Il arrive que des erreurs soient commises dans les pompes funèbres. C’est ce que leur reproche un livre récemment sorti et chroniqué dans un article précédent. Si l’erreur est un problème, est elle évitable ?
Argument en orbite
C’est un argument. Un commentaire, laissé sous un article de journal en ligne, qui a fait tomber votre serviteur de sa chaise. « Heureusement que les employés des pompes funèbres ne travaillent pas dans le spatial ou le nucléaire, imaginez les dégâts ».

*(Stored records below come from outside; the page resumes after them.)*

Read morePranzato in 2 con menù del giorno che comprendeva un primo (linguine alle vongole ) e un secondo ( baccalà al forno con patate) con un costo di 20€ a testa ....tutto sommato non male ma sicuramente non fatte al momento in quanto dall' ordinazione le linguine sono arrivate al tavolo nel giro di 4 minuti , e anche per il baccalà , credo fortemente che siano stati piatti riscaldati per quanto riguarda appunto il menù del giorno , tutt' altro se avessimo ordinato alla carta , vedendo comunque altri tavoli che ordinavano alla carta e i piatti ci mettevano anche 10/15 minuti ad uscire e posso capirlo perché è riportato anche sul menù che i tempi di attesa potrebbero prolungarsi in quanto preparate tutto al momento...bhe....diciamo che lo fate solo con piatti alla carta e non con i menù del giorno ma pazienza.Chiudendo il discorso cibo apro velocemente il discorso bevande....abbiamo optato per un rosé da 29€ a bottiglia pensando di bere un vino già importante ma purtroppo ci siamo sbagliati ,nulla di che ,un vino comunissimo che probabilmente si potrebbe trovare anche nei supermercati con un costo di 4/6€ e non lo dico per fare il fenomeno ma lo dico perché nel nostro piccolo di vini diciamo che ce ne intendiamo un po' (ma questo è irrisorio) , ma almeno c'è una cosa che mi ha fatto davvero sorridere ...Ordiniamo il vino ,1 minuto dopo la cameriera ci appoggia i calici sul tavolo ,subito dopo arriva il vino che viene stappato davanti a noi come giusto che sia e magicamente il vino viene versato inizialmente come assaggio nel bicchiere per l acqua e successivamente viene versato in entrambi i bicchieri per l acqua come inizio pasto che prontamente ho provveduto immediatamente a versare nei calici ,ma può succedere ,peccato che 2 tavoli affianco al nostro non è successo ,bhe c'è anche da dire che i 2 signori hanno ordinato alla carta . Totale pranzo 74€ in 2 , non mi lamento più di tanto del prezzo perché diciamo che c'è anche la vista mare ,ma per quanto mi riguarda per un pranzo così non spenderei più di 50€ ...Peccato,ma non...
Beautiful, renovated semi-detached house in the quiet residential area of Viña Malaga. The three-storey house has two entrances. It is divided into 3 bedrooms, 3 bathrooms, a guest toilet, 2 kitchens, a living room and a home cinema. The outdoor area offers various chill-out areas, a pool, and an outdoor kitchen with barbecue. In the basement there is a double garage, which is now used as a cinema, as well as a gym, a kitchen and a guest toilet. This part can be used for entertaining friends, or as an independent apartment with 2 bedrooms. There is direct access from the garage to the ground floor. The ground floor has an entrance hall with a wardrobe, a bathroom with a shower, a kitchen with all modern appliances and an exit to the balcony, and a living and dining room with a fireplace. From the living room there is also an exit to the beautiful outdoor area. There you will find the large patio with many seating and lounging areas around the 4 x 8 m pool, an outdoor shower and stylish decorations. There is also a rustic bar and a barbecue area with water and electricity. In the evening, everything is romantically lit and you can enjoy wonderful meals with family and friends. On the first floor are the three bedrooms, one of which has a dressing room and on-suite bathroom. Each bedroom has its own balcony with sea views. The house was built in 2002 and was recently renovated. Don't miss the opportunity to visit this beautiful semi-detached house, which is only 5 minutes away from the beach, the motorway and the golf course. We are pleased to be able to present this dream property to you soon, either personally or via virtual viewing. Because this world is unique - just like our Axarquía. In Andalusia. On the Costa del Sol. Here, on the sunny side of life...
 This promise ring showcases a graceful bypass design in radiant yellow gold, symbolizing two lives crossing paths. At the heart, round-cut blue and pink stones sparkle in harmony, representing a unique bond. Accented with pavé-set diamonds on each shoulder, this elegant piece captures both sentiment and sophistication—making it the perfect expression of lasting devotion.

Oui, heureusement, la personne a raison. Mais heureusement pour les familles, contrairement à ce qu’il pense. On pourrait en effet s’incliner en se disant que les pompes funèbres, c’est un métier, fait par des professionnels, et que, comme des métiers sensibles, comme les deux sus-cités, ils ne devraient pas faire d’erreur. C’est une vision simpliste, vue de l’extérieur.

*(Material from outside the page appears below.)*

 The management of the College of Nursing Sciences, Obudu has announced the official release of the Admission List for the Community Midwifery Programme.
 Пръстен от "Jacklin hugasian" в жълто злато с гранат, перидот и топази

Vous savez comment travaillent les gens dans le spatial ? Prenons un exemple tout bête : il y a une vis à remplacer sur un panneau. La vis a déjà été enlevée, et il faut en remettre une autre. Pour ce faire, vous vous dites : « simple, on envoie un gars avec un tournevis ». Pas du tout : on va envoyer trois techniciens formés et expérimentés.
Le premier technicien sera chargé de l’opération en elle-même : prendre la vis, visser. Le second Va avoir le cahier technique et va énumérer à voix haute les opérations les unes après les autres, que le premier devra valider, à voix haute également. Le troisième aura une fiche technique avec le détail des opérations, également, et pointera au fur et à mesure qu’il entendra et constatera que les opérations sont toutes faites, dans le bon ordre.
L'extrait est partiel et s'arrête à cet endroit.